There’s a growing sense that, if Chinese government sticks to the reopening path, China’s economy will have the greatest potential to deliver a strong rebound throughout the 2023, given that it has been so damaged by the pandemic.

ChinaSource: Bloomberg
Hebe Chen | Market Analyst, Melbourne | Publication date: Tuesday 06 December 2022 

Will Chinese economy recover in 2023?

China just went through a dramatic week when things changed so rapidly and unexpectedly.

Unprecedented protests that kicked off last week unveiled the deepened disappointment and frustration that have accumulated following the nation’s three-year long zero-Covid policy. As a result, Chinese authorities seemed to have little choice but to ease the policy quickly to ease its citizen’s anger. Within a week, not only the first-tier cities like Guangzhou and Shanghai but also Xinjiang, which has been locked down for over three months, all announced relaxation their Covid measures despite infection numbers climbing to a record level.

Chinese economy outlook

There’s a growing sense that, if Chinese government sticks to the reopening path into the New Year, China’s economy will have the great potential to deliver a strong rebound throughout the 2023, given that it has been so damaged by the pandemic.

In addition, the resumption of the property market, the industry which used to contribute one-third of China’s GDP, will be another source of optimism. In early November, Chinese authorities announced a “16-point plan”, including an extension on developer borrowings and mortgage repayments, as a rescue package for the beleaguered housing market.

According to one of the most recent forecast, the International Finance Forum (IFF)’s 2022 Global Finance and Development Report, which was released on the 2nd of December, the Chinese economy growth rate is estimated to increase to 4.6% in 2023, compared to 3.3% in 2022.

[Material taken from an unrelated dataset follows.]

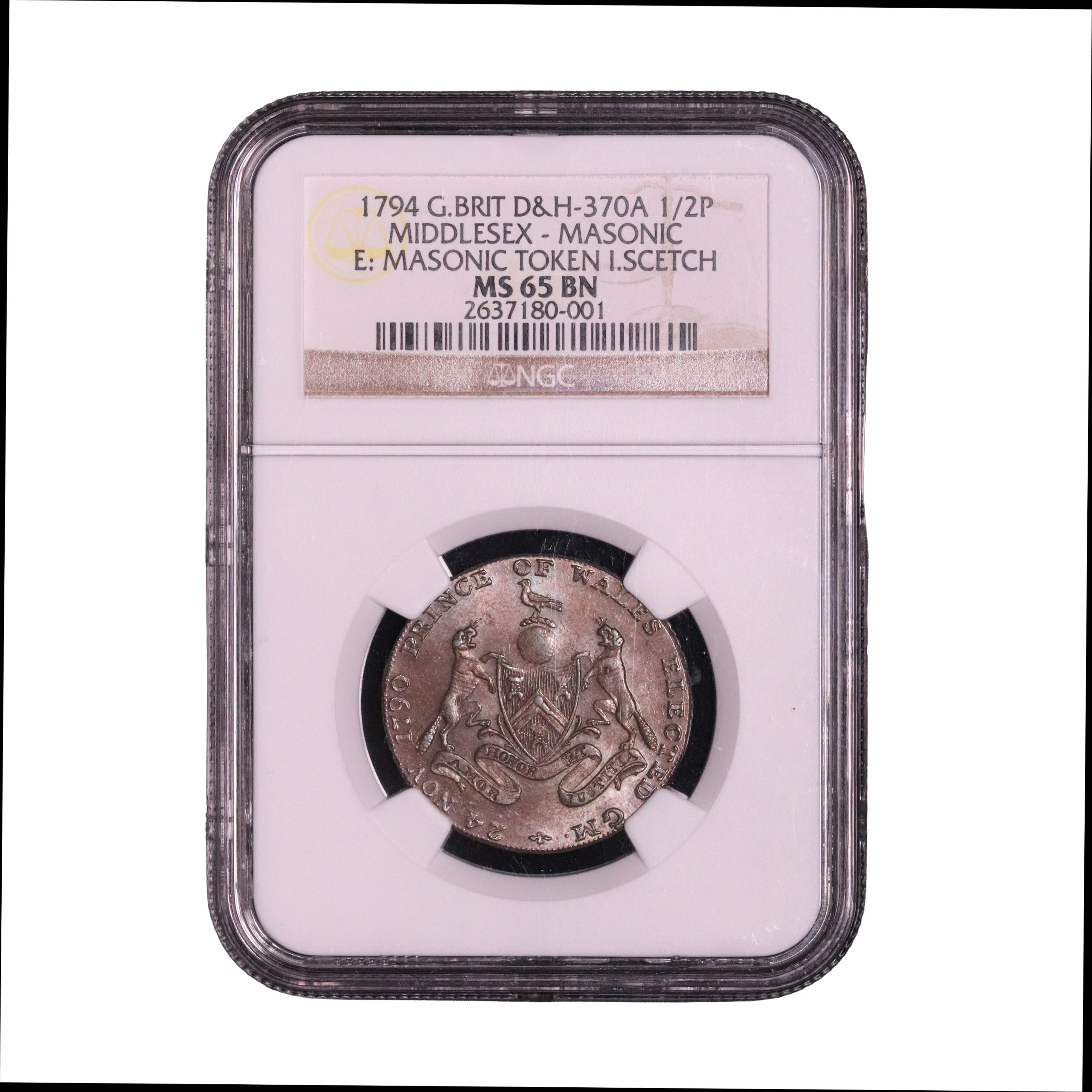 Lot 128 – Middlesex Masonic halfpenny D&H 370a, NGS 65

China GDP Growth Rate chartSource: Tradingeconomic

Challenges Ahead

The journey ahead won't be an easy one. On one hand, rising infections in a country with 1.4 billion people that has barely been exposed to the virus suggests an "exit wave" is unavoidable. As such, the panic and chaos triggered in the mid-term perspective will likely to cause further damage to its fragile economy.

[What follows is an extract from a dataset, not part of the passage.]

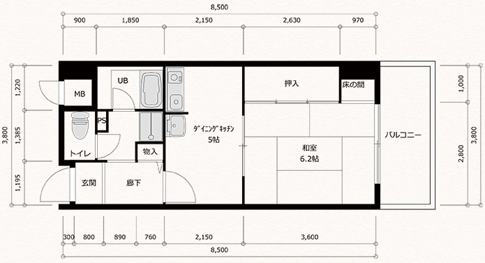 元々はマンションの集会室として使われていた部屋らしく、洗面台がLDにあるなど少し変わっていてコンパクトな間取りでした。

On the other hand, the rescue package for the property market could help the industry stabilize with less chance of seeing the developer giants like Evergrande collapse, however, the demand for housing will take a longer path to recover as it's more stemming from the fundamental strength of the economy.

Last but not least is the unpleasant fact that the past three years of harsh lockdowns have forced many world-class companies to exit or reduce their reliance on the Chinese market, including Apple, Amazon, and Samsung. The severe damage that has been done to China's labour market, manufacturing value chain, and export demand, is unlikely to be reversible.

Hang Seng

Owing to China’s reopening move, Hong Kong’s Hang Seng enjoyed the best month in 24 years. The index soared by more than 26% last month to a two-and-half-month high.

From a technical viewpoint, the price has been following with an ascending trajectory since the first day of November. The next crucial level to watch will be the 200-day MA, which also coincides with the May low at around 19244. Once Hang Seng breaches that level to the upside, buyers should have more confidence to expect the bull-biased momentum to stay.

On the flip side, the possibility of a retreat can’t be ruled out for the time being, considering the RSI has stepped into the overbought zone. As such, the boundary of the moving tunnel will be the imminent support to keep an eye on.